'Trolls World Tour' Made More Money NOT Going Theatrical
Trolls World Tour made more for Universal in 3 weeks on-demand than Trolls did in 5 months in theaters.
Theaters have closed amid coronavirus concerns and we don't have a solid date for when they will open. In order to make money, some studios have turned to streaming in order to make money. We saw it happen with The Hunt and The Invisible Man, and now Trolls World Tour is the most recent to hit streaming.
But it's also the most successful.
As of right now, Trolls World Tour has topped $100 million in streaming revenue in only 3 weeks. While the original Trolls made $153.7 million, it went theatrical, so it lost a ton to prints, ads, and the split with theaters.
Even though it was in theaters for 5 months, its profit margin was small.
World Tour has only been out for 3 weeks and has already surpassed the profits on Trolls.
There's a lot to examine with that accomplishment. This is a family movie released at a time where kids are all stuck at home. Parents will do anything to keep them occupied, and a successful sequel fits the bill.
Universal released Trolls World Tour as a digital rental on April 10 for $19.99. That's so much cheaper than taking a family of four to the theater.
The breakdown is simple. Theaters typically take about 50% of box office sales, depending on the deal that was struck with the studio. So even though Trolls brought in more cash, it only made around $77 million for Universal.
In comparison, Universal retained about 80% of the digital rental or purchase fee for Trolls World Tour.
And that money is still coming in day by day.
It is unclear how Universal’s decision to release more movies on demand will affect their relationship with theaters.
We know that this morning, AMC refused to show any more Universal movies when cinemas reopen. But that seems like a "cut your nose to spite your face" scenario. Especially with Universal controlling the Fast franchise, which means billions of dollars to theater owners.

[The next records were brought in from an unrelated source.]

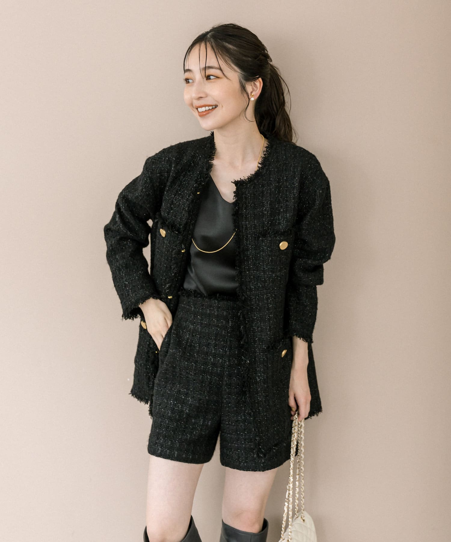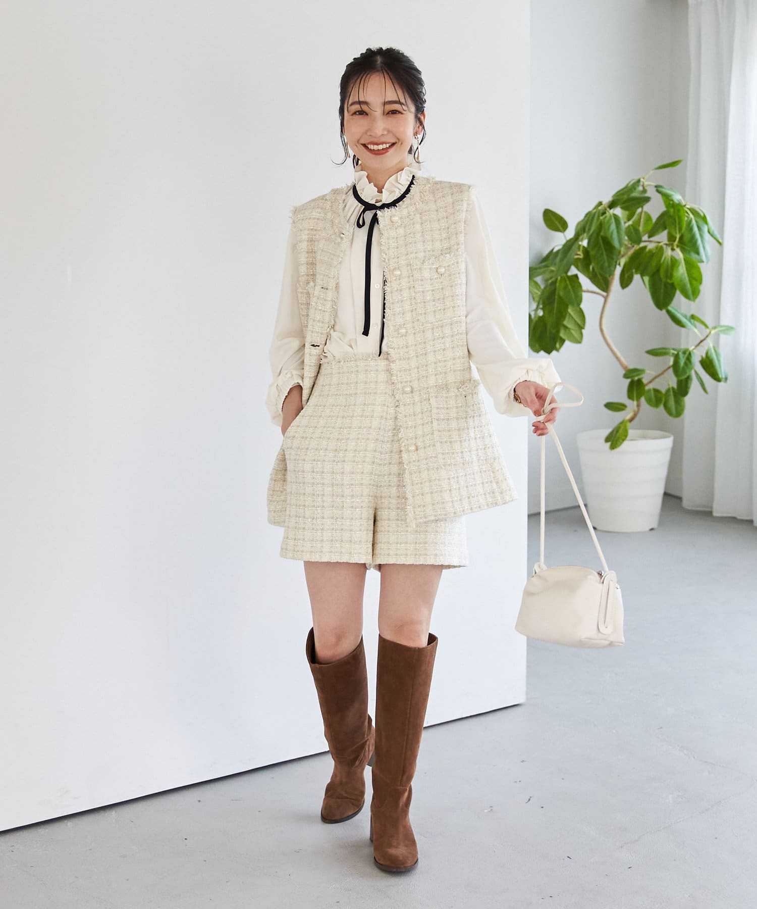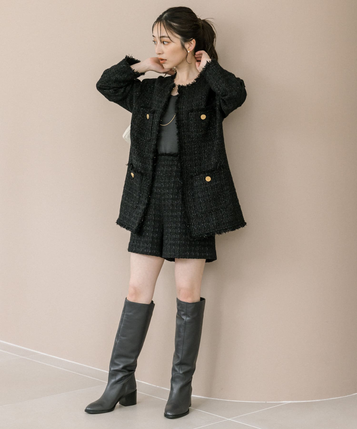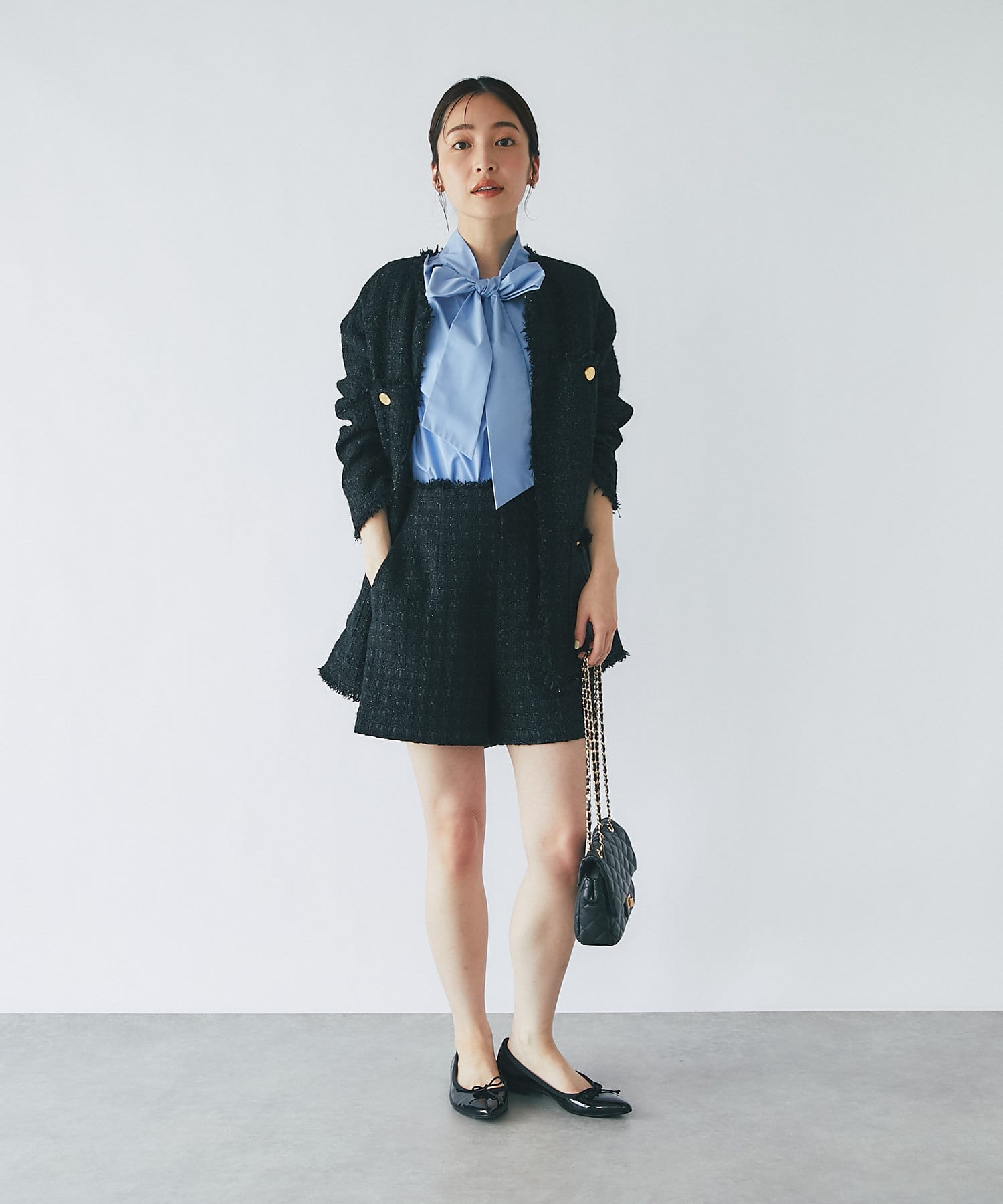 【上品見え・セットアップ着用可能】ファンシーツイードショートパンツ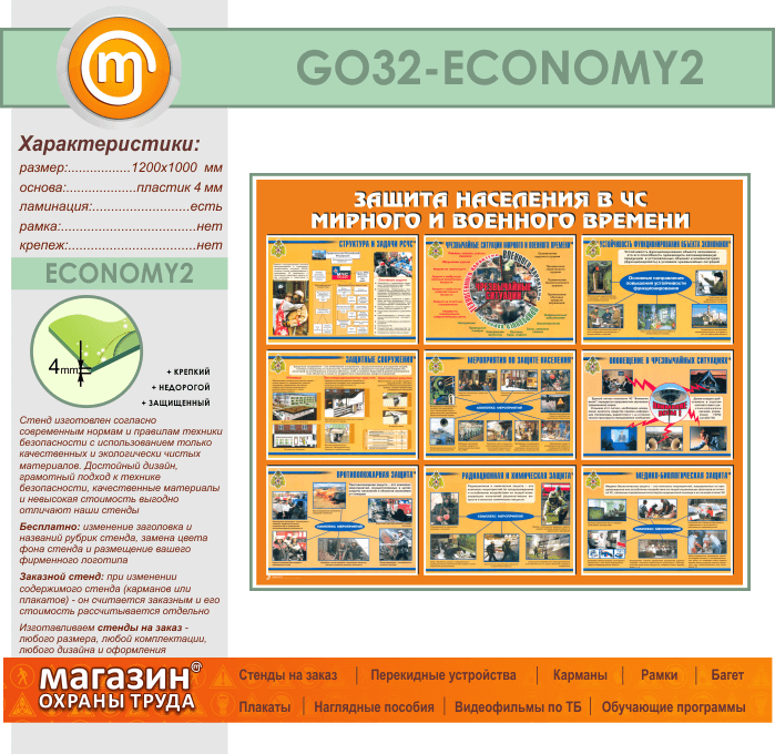 Стенд «Защита населения в ЧС мирного и военного времени» (GO-32-ECONOMY2) в Ижевске купить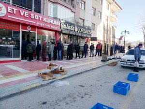 Et ve Süt Kurumu Yozgat satış ofisinde piyasanın altında fiyatla satışı yapılan et ve et ürünlerini alabilmek için kuyruğa giren vatandaşlar adeta ucuz et alabilmek için birbirleri ile yarışıyor. Uzun kuyrukların oluştuğu Satış Ofisinde yoğunluk oluşurken vatandaşlar, sabahın erken saatlerinde gelerek Et ve Süt Kurumunun etinde almak için sıraya girdiklerini söylediler. Ekonomik durumlardan dolayı kasap, market gibi yerlerden et alamadıklarını dile getiren Vatandaşlar, Et ve Süt Kurumu piyasanın altında fiyatla et satışı gerçekleştirdiği için bütçelerine göre buradan et ve et ürünlerini aldıklarını ifade ettiler.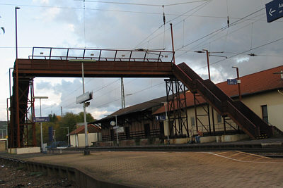 Die Treppe ist so steil, dass Gehbehinderte keine bis kaum eine Chance haben, auf den Bahnsteig in Richtung Homburg zu gelangen. Demnächst soll aber alles besser werden, irgendwelche Gelder fliessen für eine Unterführung der Gleise. Mit Aufzug. Eben noch das behelfsmäßige Minus und bald das Optimale. Mal sehen.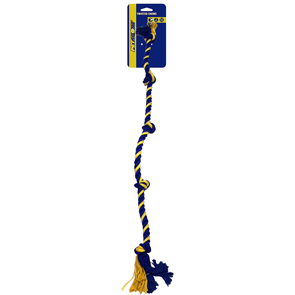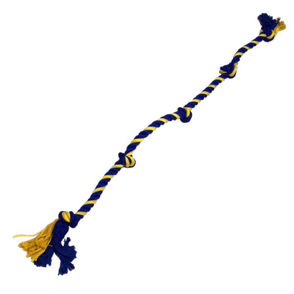 Geflochtenes Seil gefertigt aus starker, "1st class" Baumwolle. Es gibt viele Seilspielzeuge für Hunde auf dem Markt, jedoch wenige so gut wie dieses! Die blau/gelbe Farbe kann Ihr Hund z. B. auf Rasen besonders gut erkennen. Mit gigantischen 182 cm ist dieses Seil das ideale Zerrspielzeug für mehrere Hunde.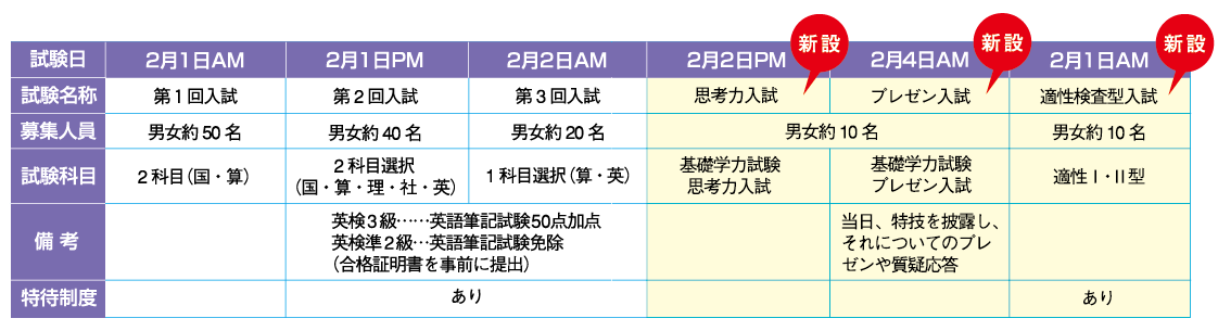 「適性検査型入試」「思考力入試」「プレゼン入試」も新設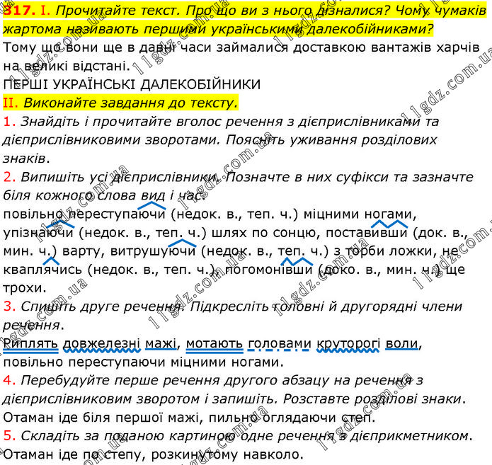 І. Прочитайте текст. Про що ви з нього дізналися? Чому чумаків жартома називають першими українськими далекобійниками? Тому що вони ще в давні часи займалися доставкою вантажів харчів на великі відстані. ПЕРШІ УКРАЇНСЬКІ ДАЛЕКОБІЙНИКИ II. Виконайте завдання до тексту. 1. Знайдіть і прочитайте вголос речення з дієприслівниками та дієприслівниковими зворотами. Поясніть уживання розділових знаків. 2. Випишіть усі дієприслівники. Позначте в них суфікси та зазначте біля кожного слова вид і час. повільно переступаючи (недок. в., теп. ч.) міцними ногами, упізнаючи (недок. в., теп. ч.) шлях по сонцю, поставивши (док. в., мин. ч.) варту, витрушуючи (недок. в., теп. ч.) з торби ложки, не кваплячись (недок. в., теп. ч.), погомонівши (доко. в., мин. ч.) ще трохи. 3. Спишіть друге речення. Підкресліть головні й другорядні члени речення. Риплять довжелезні мажі, мотають головами круторогі воли, повільно переступаючи міцними ногами. 4. Перебудуйте перше речення другого абзацу на речення з дієприслівниковим зворотом і запишіть. Розставте розділові знаки. Отаман іде біля першої мажі, пильно оглядаючи степ. 5. Складіть за поданою картиною одне речення з дієприкметником. Отаман іде по степу, розкинутому навколо.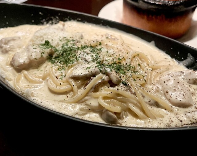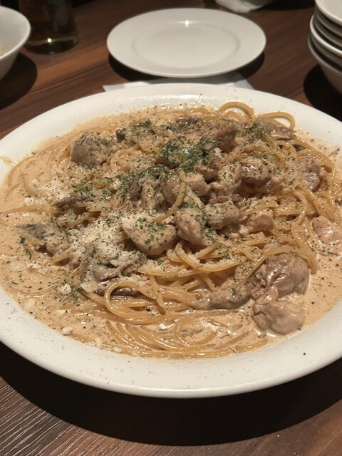[コース予約で]お一人様+500円で「かにの身と蟹味噌のクリームパスタ」に変更
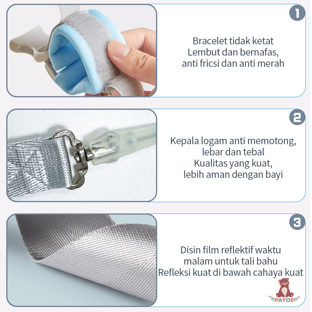 PAYOE 1.5-2.5 Meter Gelang Tali Pengaman Anak Bayi 2 In 1 Child Anti Lost Strap

While AMC and Universal have their standoff, other studios are shrugging off this grudge.
Warner Bros.' Scoob goes VOD on May 15 for a $19.99 rental fee or $24.99 to own. And Sony’s Seth Rogen romp, An American Pickle, will now go to HBO Max.
And Disney will bring Artemis Fowl straight to Disney+ instead of waiting for theaters.
These are seismic shifts and calculated risks being taken to change Hollywood forever.
Theaters are not happy, but studios are definitely not ditching them completely. Release dates have been shifted for movies like No Time to Die, Mulan, Black Widow, and others to capitalize on ticket sales.
We're at a very unsure time. And it'll be interesting to see what happens.